### EXERCISE PROMPT
Restate the full listing word for word; images stay out of it.

### DATA BLOCK
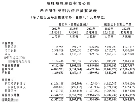 3月7日晚间,哔哩哔哩(NASDAQ: BILI,HKEX:9626;简称“B站”)公布了截至2023年12月31日的第四季度和全年未经审计的财务报告。
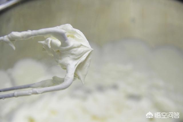 把冷藏好的淡奶油加入糖分用电动打蛋器打发至干性发泡。
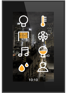 Vertikální kapacitní dotyková obrazovka, přes kterou lze řídit a monitorovat všechna nainstalovaná zařízení pomocí ikon (obrázků). Obrázek pozadí, ovládací prvky, texty jsou kompletně editovatelné a lze vytvořit až 6 různých motivů, které lze naprogramovat tak, aby se automaticky změnily. Tímto způsobem lze panel plně přizpůsobit podle místa, kde bude instalován.

### SOLVED EXERCISE
 3月7日晚间,哔哩哔哩(NASDAQ: BILI,HKEX:9626;简称“B站”)公布了截至2023年12月31日的第四季度和全年未经审计的财务报告。
 把冷藏好的淡奶油加入糖分用电动打蛋器打发至干性发泡。
 Vertikální kapacitní dotyková obrazovka, přes kterou lze řídit a monitorovat všechna nainstalovaná zařízení pomocí ikon (obrázků). Obrázek pozadí, ovládací prvky, texty jsou kompletně editovatelné a lze vytvořit až 6 různých motivů, které lze naprogramovat tak, aby se automaticky změnily. Tímto způsobem lze panel plně přizpůsobit podle místa, kde bude instalován.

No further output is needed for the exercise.